Other highlights on The Right Spectacle include the video for “Veronica” (a song Costello co-wrote with Paul McCartney), which won the Best Male Video award at the 1989 MTV Music Awards, and the bizarre video for “This Town,” which stars British comedy legend Harry Enfield as the emcee of a game show called Babes, Bikes and Beelzebub where contestants can sell their souls to the devil for a variety of earthly delights. Costello plays the devil, of course.
The 1991 video for “So Like Candy” is indicative of the grunge era in which it was made. Filmed in sepia tone, the camera alternates between an earnest Costello strumming his guitar and artsy-fartsy shots of an insect buzzing around the corner and a piglet running around the house for no apparent reason. It is perhaps of additional interest that in the video for a song co-written with Paul McCartney, Costello bears an unsettlingly strong resemblance to the bearded and bespectacled John Lennon of the latter years.

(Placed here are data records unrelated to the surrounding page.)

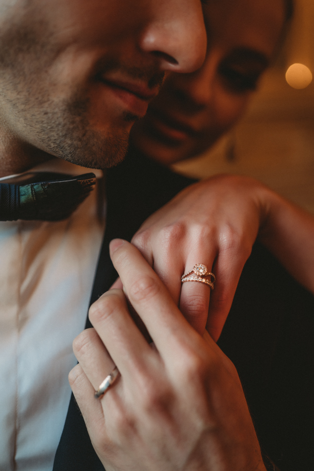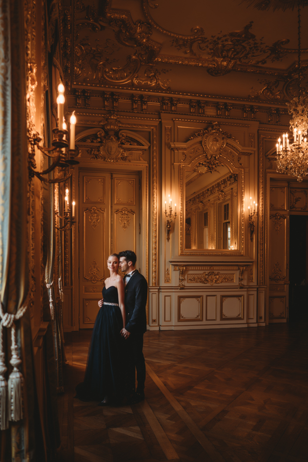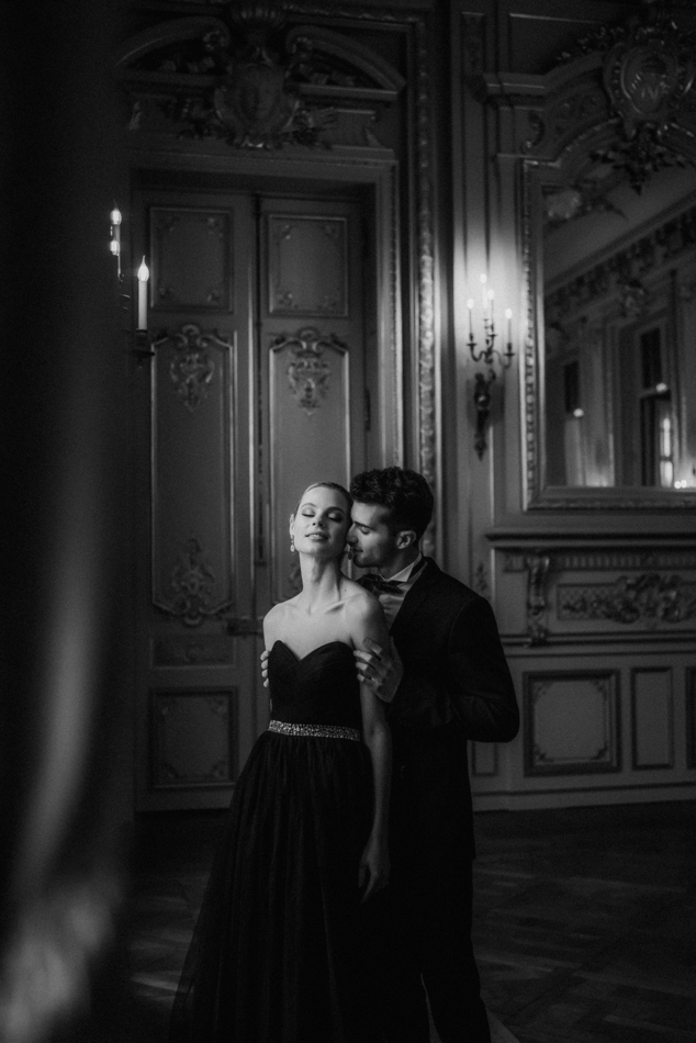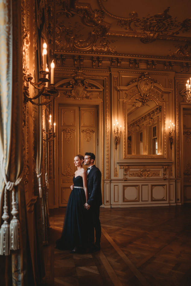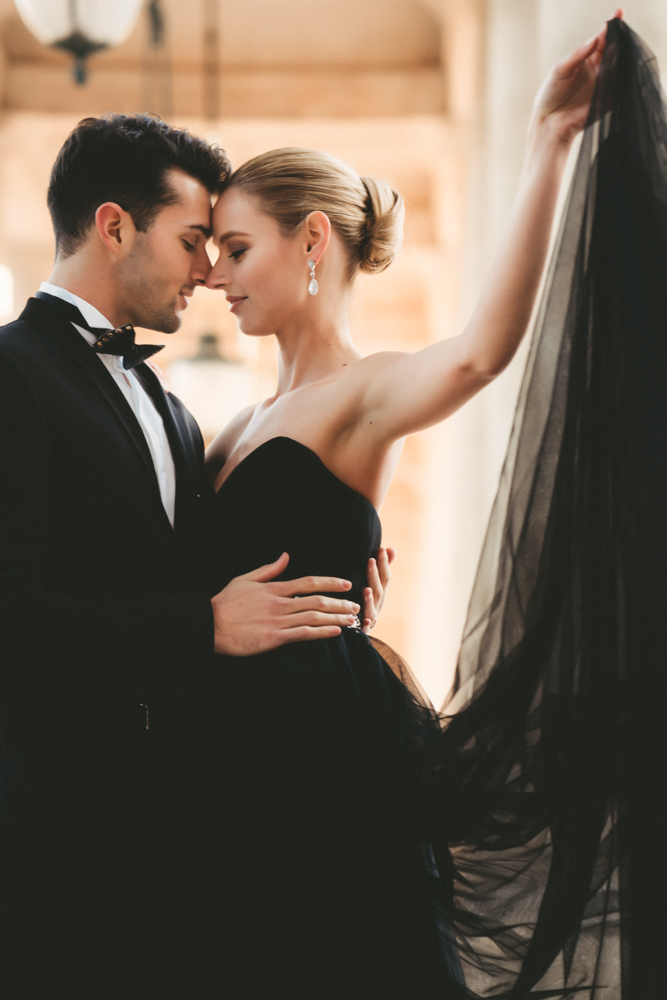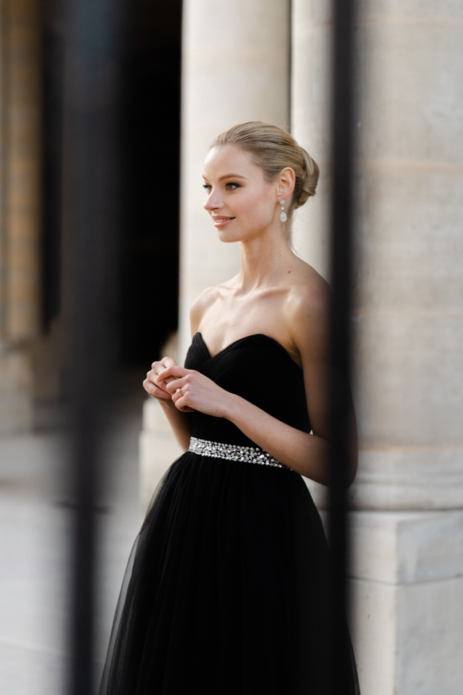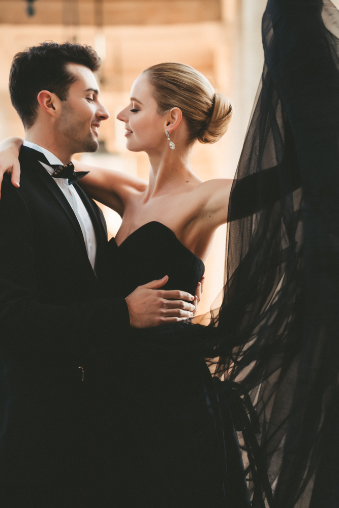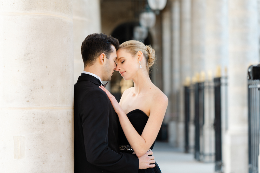 The bride, defying convention with grace, dons a breathtaking black dress paired with Bella Belle shoes, setting the stage for a celebration that breaks free from the ordinary. The love story begins to unfold on the cobblestone streets of Paris, with a captivating photo walk through iconic spots like the Louvre passages and Palais Royal gardens, each frame weaving a tale of passion and elegance.
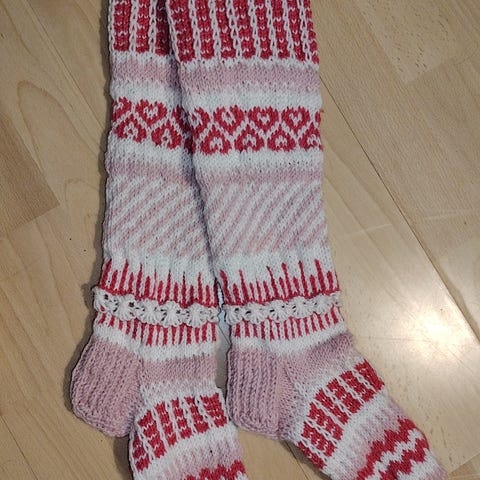 Käsin neulotut villasukat.
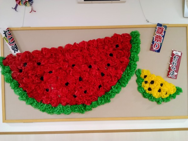 フロアには大きなスイカが登場!とても美味しそうに出来上がりました♡
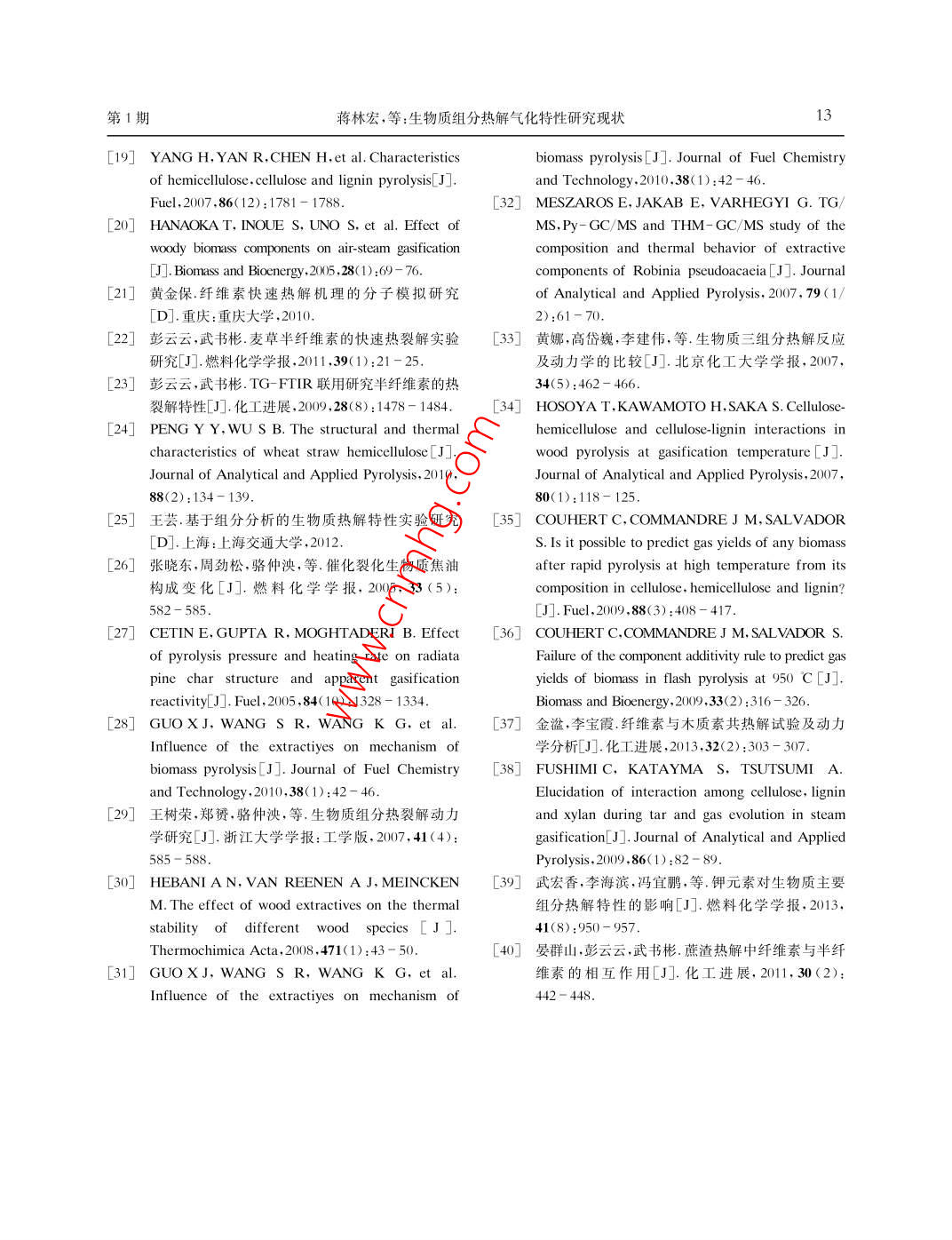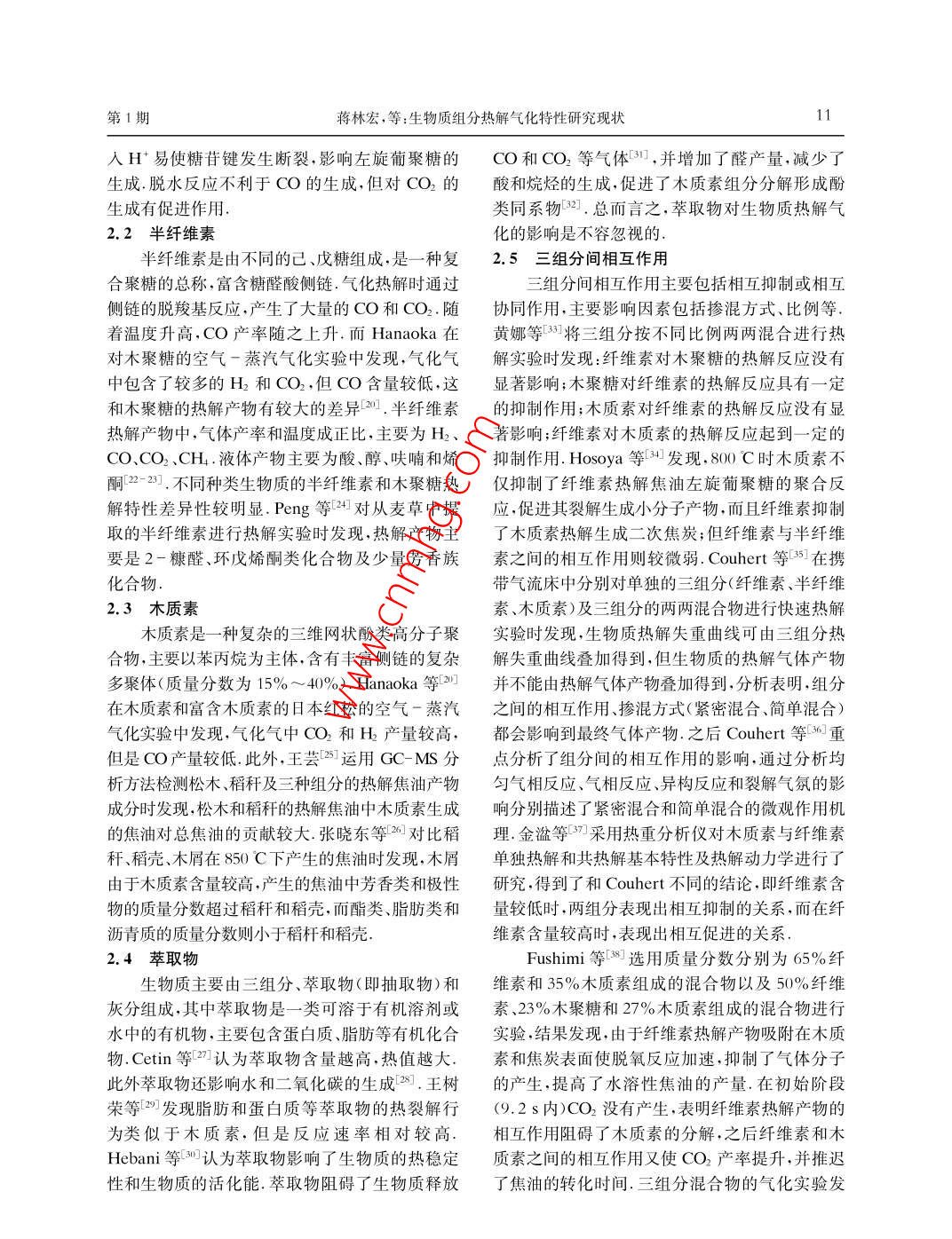 生物質(zhì)組分熱解氣化特性研究現(xiàn)狀

The 99 minutes of videos are certainly a treat and will be a welcome trip down memory lane for any Elvis Costello fan. The DVD commentary adds a healthy dose of Costello’s dry wit to the mix. Even more illuminating than the videos, however, is the additional hour of bonus footage showing notable TV appearances of Elvis Costello and the Attractions from 1977-1984. The 17 performances (well 17 1/2 if you want to count the tiny fragment of “Alison” from Costello’s first ever TV appearance) are all live—Costello deliberately left out Top of the Pops-style lip-sync performances.
While the videos start with Costello’s second album, the 1977 TV appearances spotlight frenetic performances of classic tracks from his first record, My Aim Is True. Footage from the 1979 Pink Pop Festival in Holland catches the band at their absolute peak with fantastic renditions of “Lipstick Vogue” and “Watching the Detectives.” There is also a stark performance of “Shot With His Own Gun” from a 1981 broadcast of What’s In and a 1983 version of “Peace in Our Time,” a song that takes Neville Chamberlain’s empty promise and pays it forward through history. The DVD booklet includes liner notes by Costello about the TV show selections.
If you want to see the artistic evolution of the man who made geek chic years before Weezer and Conner Oberst were out of diapers, The Right Spectacle is, well, the right spectacle, indeed.